A few cans of spray paint and some felt-tip markers did him in.

The term criminal mischief — among the felonies levied against the 22-year-old from Palm Beach Gardens — may sound lighthearted. In truth, as far as the courts are concerned, the charges came with the lowest-level felony penalties allowed by law.

But because of his habit of anointing any and all available surfaces with his distinctive markings, Goertz had racked up nine such charges. With that many, the penalties can add up alarmingly. Goertz's artistic endeavors, instead of ushering patrons past a gallery's red ropes, had earned him the opportunity to spend more than 45 years in prison. For the crime of defacing property with graffiti, Goertz was looking at forfeiting his freedom for twice as long as he'd been alive.
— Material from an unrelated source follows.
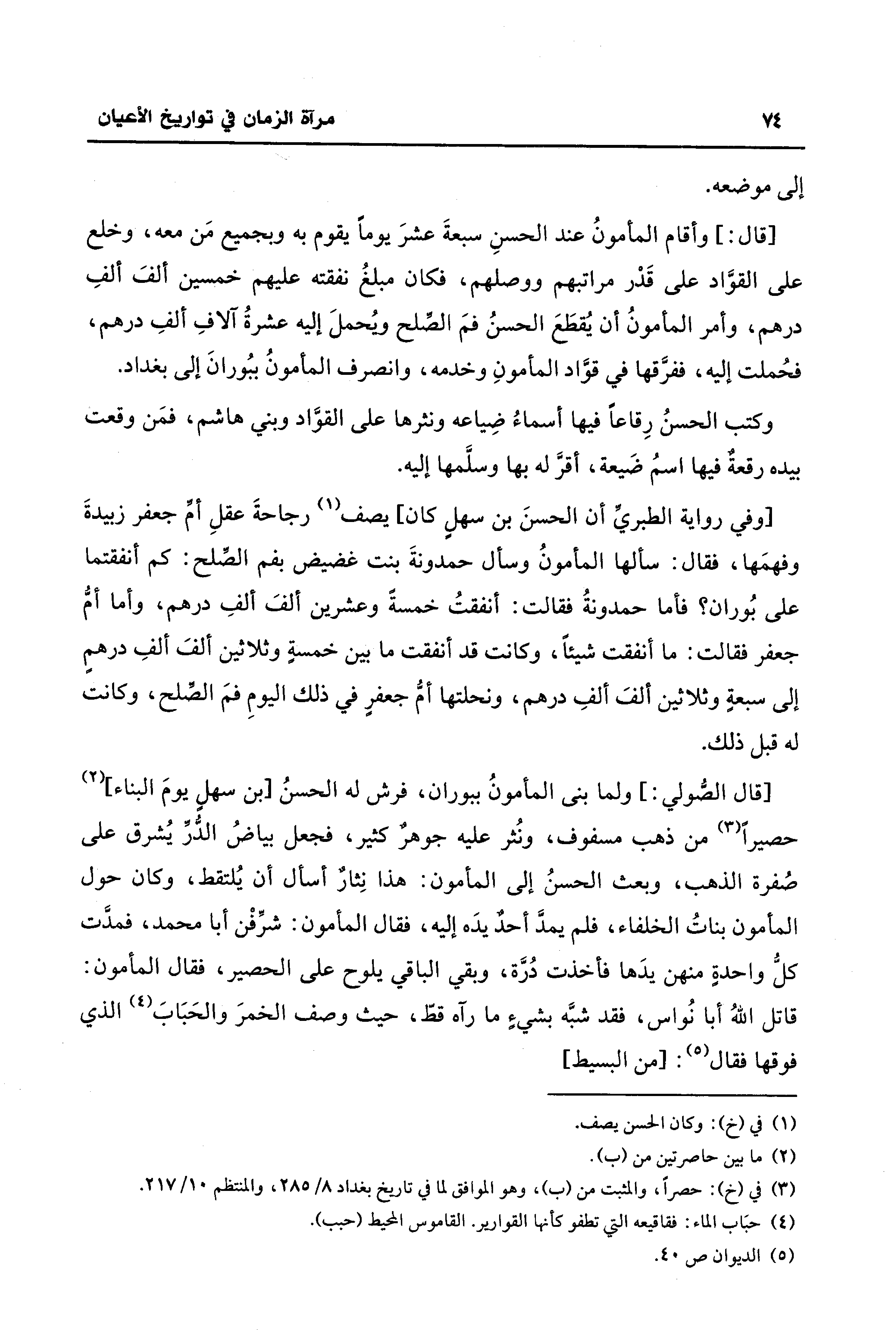 [وفي رواية الطَّبريِّ أن الحسنَ بن سهلٍ كان] يصف (¬1) رجاحةَ عقلِ أم جعفر زبيدةَ وفهمَها، فقال: سألها المأمونُ وسأل حمدونةَ بنت غضيض بفم الصِّلح: كم أنفقتما على بُوران؟ فأما حمدونةُ فقالت: أنفقتُ خمسة وعشرين ألفَ ألفِ درهم، وأما أمُّ جعفر فقالت: ما أنفقت شيئًا، وكانت قد أنفقت ما بين خمسةٍ وثلاثين ألفَ ألفِ درهمٍ إلى سبعةٍ وثلاثين ألفَ ألفِ درهم، ونحلتها أمُّ جعفرٍ في ذلك اليومِ فمَ الصِّلح، وكانت له قبل ذلك.

"In another county, with another judge and another prosecutor, he could have easily gotten 20 years in prison," intones Alan Johnson of the Florida State Attorney's Office. He led prosecution efforts against Goertz in a court case that ended in April. "Things could have been much, much worse for Mr. Goertz."
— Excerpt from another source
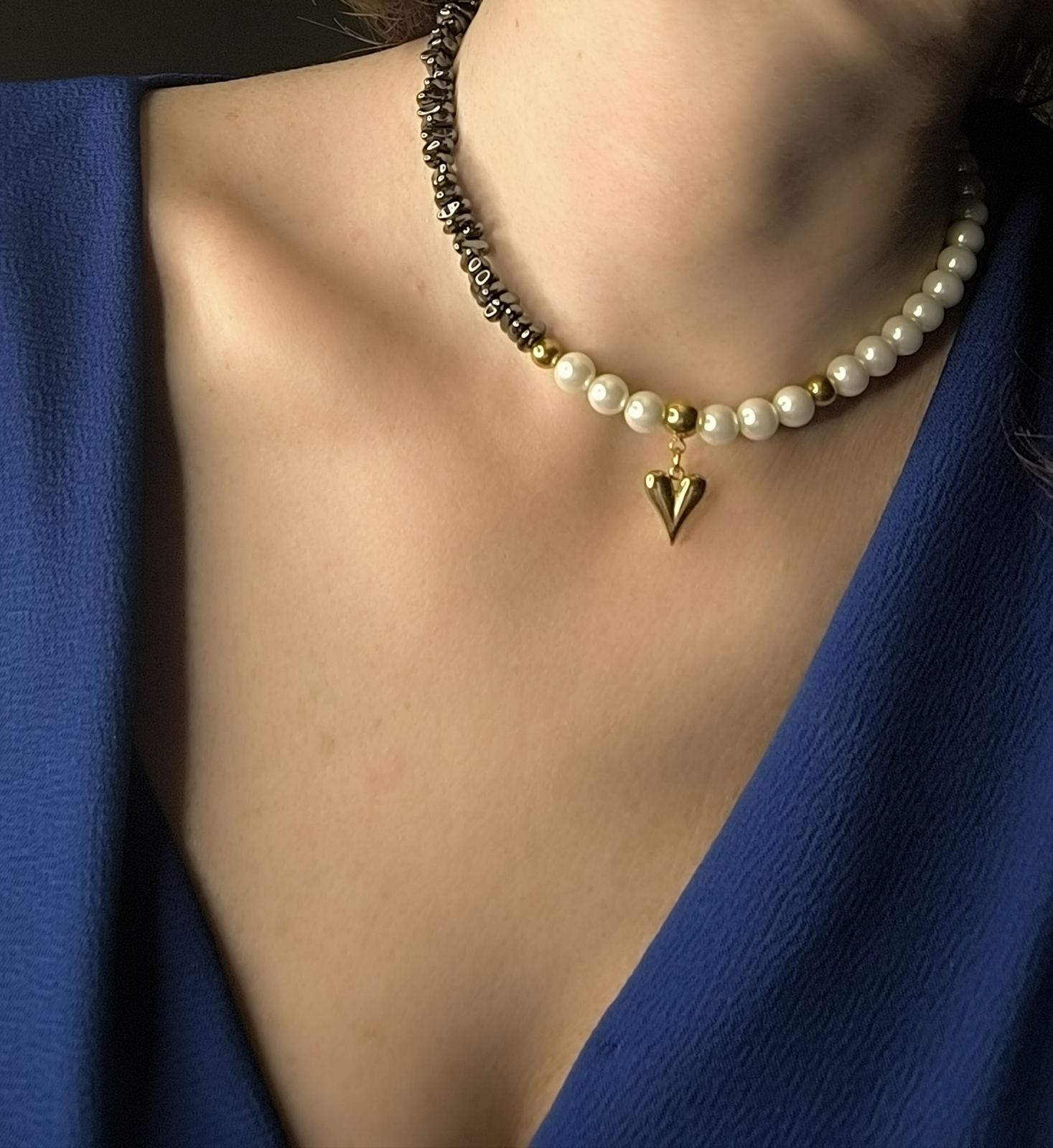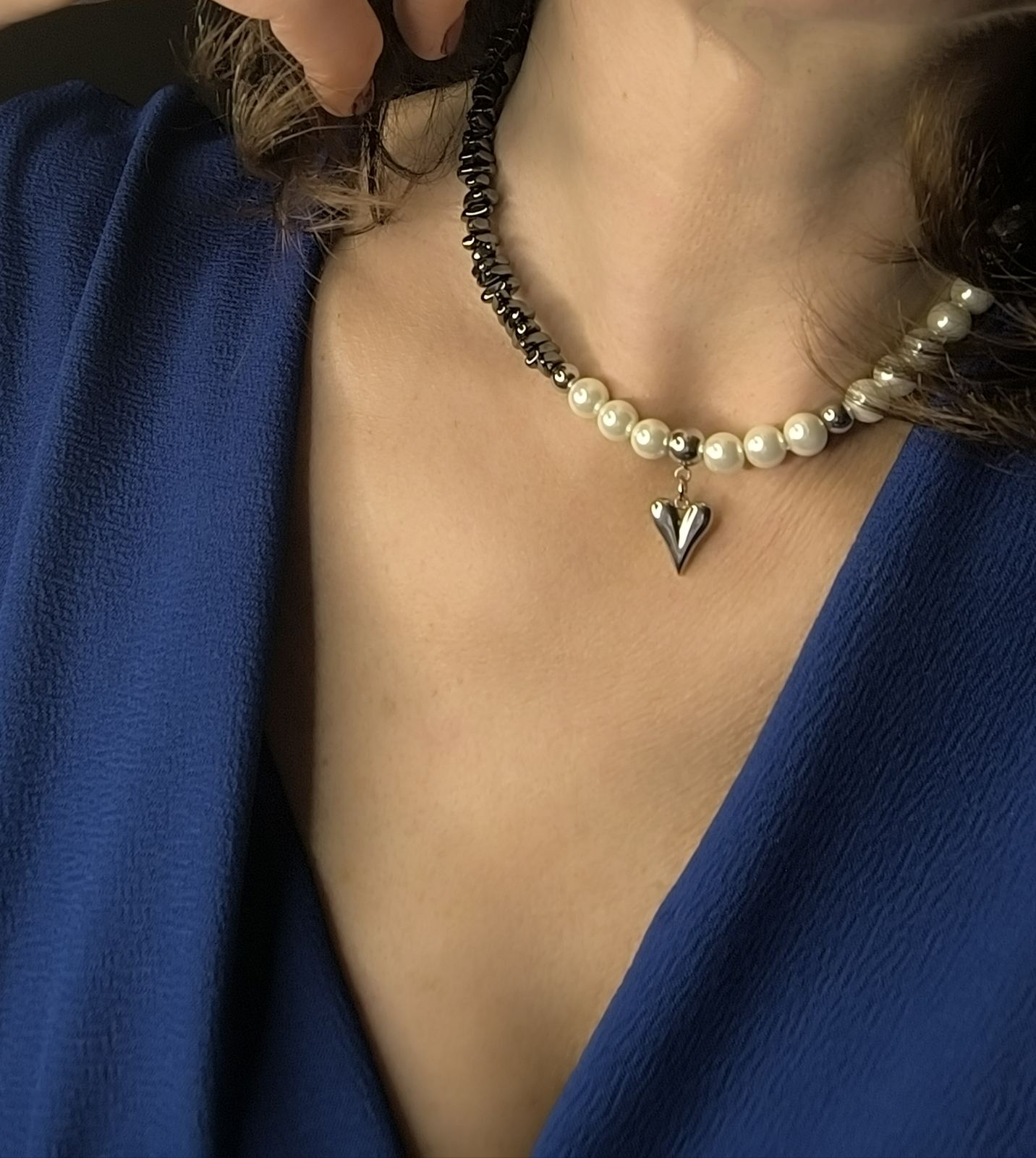 The handmade hematite and pearl necklace – Black Pearl Heart stands out from the very first moment. The irregular black hematite adds a bold and modern touch. At the same time, the white pearls bring elegance and balance.

At his sentencing on April 6, Goertz was shocked when the judge announced the terms: 1,000 hours of community service, spent on weekends, removing graffiti; $19,000 in restitution; and he's on probation for five years.

Johnson actually sounds palpably relieved that Goertz was spared the maximum penalty. In his voice, there's more than a vestige of concern about the young man.

"He's still a kid," he says sympathetically. "I'm not advocating that we lock up a 22-year-old and throw away the key."

For now, Goertz can't so much as look at a can of spray paint. If he screws up, he's looking at serious time behind bars. Even showing up tardy to a meeting with his probation officer could spell doom.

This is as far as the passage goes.